Since the palace of marble was discovered outside Rome almost a century ago the ancient poet Horace has been condemned as a liar and a hypocrite. His verse immortalised the greatness of the empire but he posed as a model of austerity who lived in a modest farmhouse.
The remains uncovered in Licenza, 25 miles north of Rome, were anything but humble. About 1,850 sq metres (20,000 sq ft) of luxury with the finest craftsmanship questioned Horace's veracity.
But now he seems vindicated.

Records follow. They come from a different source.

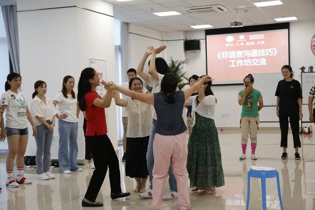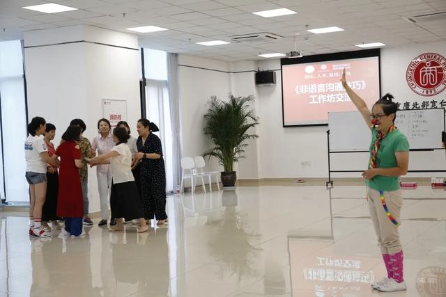 在授课环节杨有京教授打破传统讲授方式,通过设置肢体语言问候、各类蒙眼活动、肢体表演学习等丰富的互动游戏,让现场的医护人员在几乎没有语言交流的互动中,领悟非语言沟通的奥秘。
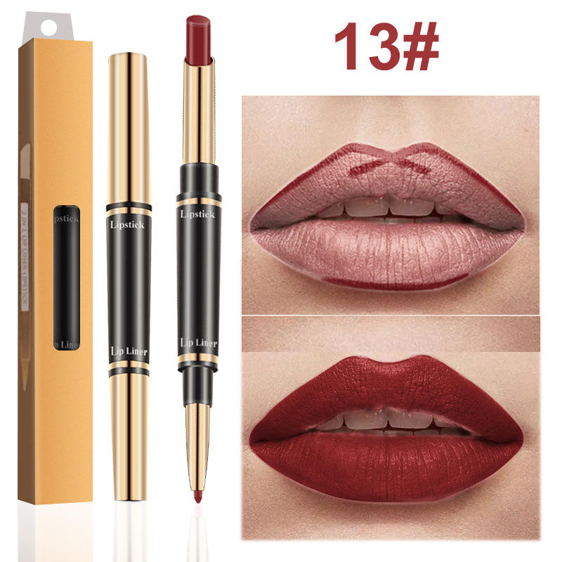 12 Color Matte Matte Waterproof Gold Double Head Lipliner Lipstick Pen Two in One Set Wholesale
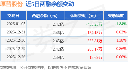 证券之星消息,1月5日,厚普股份(300471)融资买入2136.41万元,融资偿还2589.65万元,融资净卖出453.24万元,融资余额2.42亿元,近20个交易日中有11个交易日出现融资净买入。

Archaeologists have dug beneath the palace and found a dwelling matching the poet's account.
A small atrium with a vegetable garden, later built upon by a wealthy developer, suggests Horace was indeed a humble man whose writings could be trusted.
Bernard Frischer, who is leading the dig, suspects that the real owner of the palace was none other than Emperor Vespasian. "If you see that much marble that far from the sea, it is almost by definition by imperial order," Mr Frischer told Italy Daily.
Horace, who died in 8BC, has been a key source for historians concerned with the social and military upheavals of the death of Rome's republic and the emergence of Julius Caesar and Emperor Augustus.
As the son of a freed slave, Horace moved up the hierarchy to become a friend of the emperor and was seen as a model of the era's social mobility. "Let him who has enough wish for nothing more," he wrote in his odes.
That image crumbled in 1914 when the archaeologist Angelo Pasqui, following up on digs in 1775 by Allan Ramsay, claimed the palace in Licenza was the supposed farmhouse.